According to a survey conducted by Landbay, ‘large parts of the UK have a shortage of homes to let,’ demonstrated by a strong lettings market, even in the cold winter months. Results show that the average monthly rents in 2015 were £1,280, which is up 3.8% from 2014.
In fact, the shortage of homes to let has reached such a high level that rents are now beginning to outstrip wages. Rent grew twice as fast as wages, which climbed 1.9% last year, with the northeast and northwest the only two regions where wages overtook rental increases.
So what’s the connection between rents, wages and a shortage of homes to let? John Goodall, Chief Executive of Landbay explains: ‘Rents often track wages as consumers with more pay compete for the most desirable rental properties, but the fact that rents are outpacing wages is a clear sign of the shortage in properties to rent as large parts of the UK face an acute housing shortage.’
Average rent in UK grew – did London see the biggest rise?

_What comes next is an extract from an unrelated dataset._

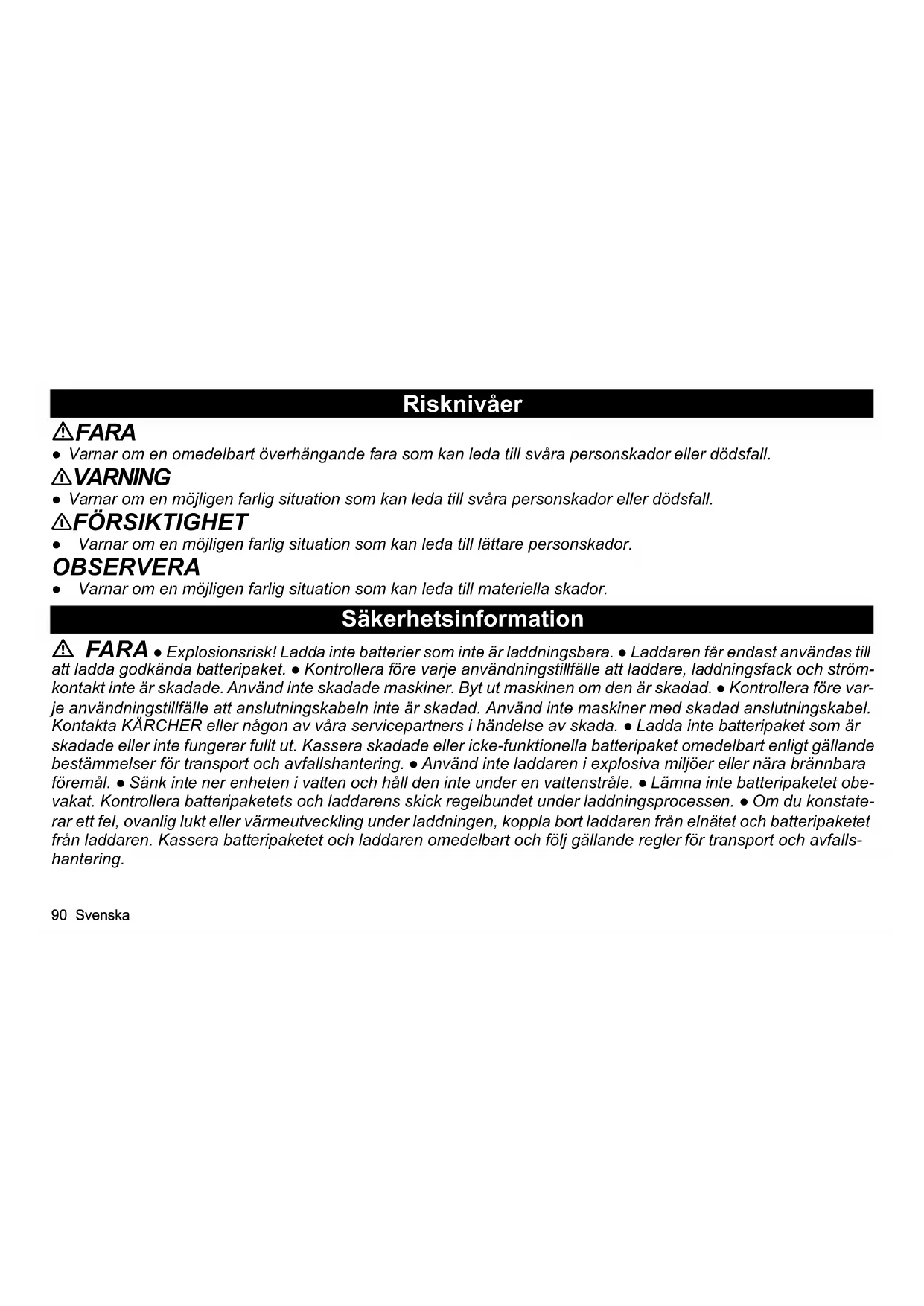 - Tekniska data Svenska Risknivåer FARA ● Varnar om en omedelbart överhängande fara som kan leda till svåra personskador eller dödsfall. 몇 VARNING ● Varnar om en möjligen farlig situation som kan leda till svåra personskador eller dödsfall. 몇 FÖRSIKTIGHET ● Varnar om en möjligen farlig situation som kan leda till lättare personskador. OBSERVERA ● Varnar om en möjligen farlig situation som kan leda till materiella skador. Säkerhetsinformation FARA ● Explosionsrisk! Ladda inte batterier som inte är laddningsbara. ● Laddaren får endast användas till att ladda godkända batteripaket. ● Kontrollera före varje användningstillfälle att laddare, laddningsfack och ström- kontakt inte är skadade. Använd inte skadade maskiner. Byt ut maskinen om den är skadad. ● Kontrollera före var- je användningstillfälle att anslutningskabeln inte är skadad. Använd inte maskiner med skadad anslutningskabel. Kontakta KÄRCHER eller någon av våra servicepartners i händelse av skada. ● Ladda inte batteripaket som är skadade eller inte fungerar fullt ut. Kassera skadade eller icke-funktionella batteripaket omedelbart enligt gällande bestämmelser för transport och avfallshantering. ● Använd inte laddaren i explosiva miljöer eller nära brännbara föremål. ● Sänk inte ner enheten i vatten och håll den inte under en vattenstråle. ● Lämna inte batteripaketet obe- vakat. Kontrollera batteripaketets och laddarens skick regelbundet under laddningsprocessen. ● Om du konstate- rar ett fel, ovanlig lukt eller värmeutveckling under laddningen, koppla bort laddaren från elnätet och batteripaketet från laddaren. Kassera batteripaketet och laddaren omedelbart och följ gällande regler för transport och avfalls- hantering.Svenska 91 몇 VARNING ● Kontrollera att nätspänningen stämmer överens med den spänning som anges på laddarens typskylt. ● Skydda anslutningskabeln och strömkontakten mot värme, vassa kanter, olja och rörliga maskindelar. ● Öppna inte laddaren. Låt endast yrkespersonal utföra reparationer. ● Dra ut strömkontakten ur eluttaget innan du rengör laddaren eller utför underhållsarbete. ● Personer med nedsatta fysiska, sensoriska eller mentala förmå- gor eller med bristande erfarenhet och kunskap får endast använda maskinen om de befinner sig under kompetent uppsikt eller har instruerats av en person som ansvarar för deras säkerhet om hur maskinen används på ett säkert sätt, och om de har förstått de risker som är förknippade med användningen av maskinen. ● Barn får inte leka med den här maskinen. ● Håll uppsikt över barn för att vara säker på att de inte leker med apparaten. ● Barn över 8 år får använda maskinen om en person som ansvarar för deras säkerhet håller dem under uppsikt, instruerar dem i hur maskinen används och förklarar vilka risker som är förknippade med användningen av maskinen. ● Barn får rengöra och underhålla maskinen om de hålls under uppsikt. 몇 FÖRSIKTIGHET ● Använd inte enheten tillsammans med andra enheter i förlängningskablar med gre- nuttag. ● Dra inte i anslutningskabeln när strömkontakten ska dras ut ur vägguttaget. ● Använd inte laddaren om den är våt eller smutsig. ● Sätt inte in våta eller smutsiga batteripaket i laddarens laddningsfack. ● Använd inte lad- daren i dammiga miljöer. OBSERVERA ● Kortslutningsrisk. Skydda laddningskontakterna mot metalldelar. ● Täck inte över laddaren under drift. ● Bär inte laddaren i anslutningskabeln. ● Använd endast laddaren i torra utrymmen med låg luftfuktig- het. Avsedd användning 몇 FÖRSIKTIGHET Explosionsrisk! Risk för person- och materialskador om batteripaketet exploderar. Ladda inte batteripaket som är defekta eller inte fungerar fullt ut. Gör inga ändringar som inte är godkända av tillverkaren.92 Svenska All annan användning är förbjuden. Användaren ansvarar för faror som uppstår på grund av otillåten användning. Ladda endast batteripaket från KÄRCHER Battery Power 4 V-systemet. Hänvisning Lämpliga batteripaket är märkta med BP 4 V-symbolen. Uppgifter om spänningen finns på enheten, på batteripaketet och deras typskylt. Miljöskydd Förpackningsmaterialen kan återvinnas. Avfallshantera förpackningar på ett miljövänligt sätt. Elektriska och elektroniska maskiner innehåller ofta värdefulla återvinningsbara material och komponenter såsom engångsbatterier, uppladdningsbara batterier och olja, som vid felaktig användning eller felaktig av- fallshantering kan utgöra en potentiell risk för människors hälsa och för miljön. Dessa komponenter är dock nödvändiga för att maskinen ska kunna arbeta korrekt. Maskiner som märkts med denna symbol får inte kas- tas i hushållssoporna. Information om ämnen (REACH) Aktuell information om ämnen finns på: www.kaercher.com/REACH Tillbehör och reservdelar Använd endast originaltillbehör och originalreservdelar, så att en säker och störningsfri drift av maskinen är garan- terad. Information om tillbehör och reservdelar finns på www.kaercher.com.Svenska 93 Garanti I respektive land gäller de garantivillkor som publicerats av våra auktoriserade distributörer. Eventuella fel på ma- skinen repareras utan kostnad inom garantifristen, under förutsättning att det orsakats av ett material- eller tillverk- ningsfel. I frågor som gäller garantin ska du vända dig med kvitto till inköpsstället eller närmaste, auktoriserad kundtjänst. (Se baksidan för adress) Symboler på maskinen Symboler på laddaren Beskrivning av maskinen Bild A 1 Strömkontakt 2 Anslutningskabel 3 Laddare Skydda enheten mot väta. Förvara enheten torrt. Utsätt inte enheten för regn. Enheten läm- par sig endast för användning inomhus. Enheten uppfyller kraven för skyddsklass II.94 Svenska 4 Laddningsfack 5 Laddkontakter 6 Laddningsnivåindikator (LED-display) Hänvisning Laddaren har ett laddning
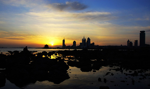 前海棧橋是青島的象征。游人漫步于棧橋海濱,可見青島外形如彎月,棧橋似長虹臥波,回瀾閣熠熠生輝。所謂“長虹遠引”、“飛閣回瀾”所指即此。遠處,小青島如螺,島上樹影婆娑、綠蔭噥噥,一座白燈塔亭亭玉立。灣東側和北側,紅瓦綠樹交相輝映,各式建筑參差錯落的分布在海岬坡地之上。灣西側的現代化高層建筑緊靠海岸拔地而起,壯麗恢宏。沿岸的防波堤由花崗巖壘砌,高出水面10余米。漲潮時,驚濤拍岸,激起簇簇雪白浪花,引來無數游人觀看;潮退后,赭色巖礁和金色沙灘露出水面,海灘上滿是趕海拾貝的游人。近幾年,青島開展了“挽留海鷗”的活動,每逢風平浪靜之時,成千上萬只海鷗在灣內自由翱翔,使美麗的青島灣充滿了勃勃生機。

Commuter hotspots near London were indeed amongst the top risers – rent in Luton had the most growth at 11.1%, with Medway and Thurrock following at 8.8 and 7.3% respectively. As a result, Landbay claim this could mean many of London’s workers could now be priced out of these areas.
However, the highest increase in the county wasn’t London, which saw rent rise by11%. This came further afield in Bristol and Brighton, where average rent increased by a huge 18% in 2015, by far the biggest hike in the country.
The results show that last year there was a narrowing of the rent inflation gap between London and the regions.
What type of properties saw the biggest rental increase?
Family homes look to be in demand. Up 5.2% to £1,484 in 2015, three bedroom properties saw the biggest increase in the average price of rent.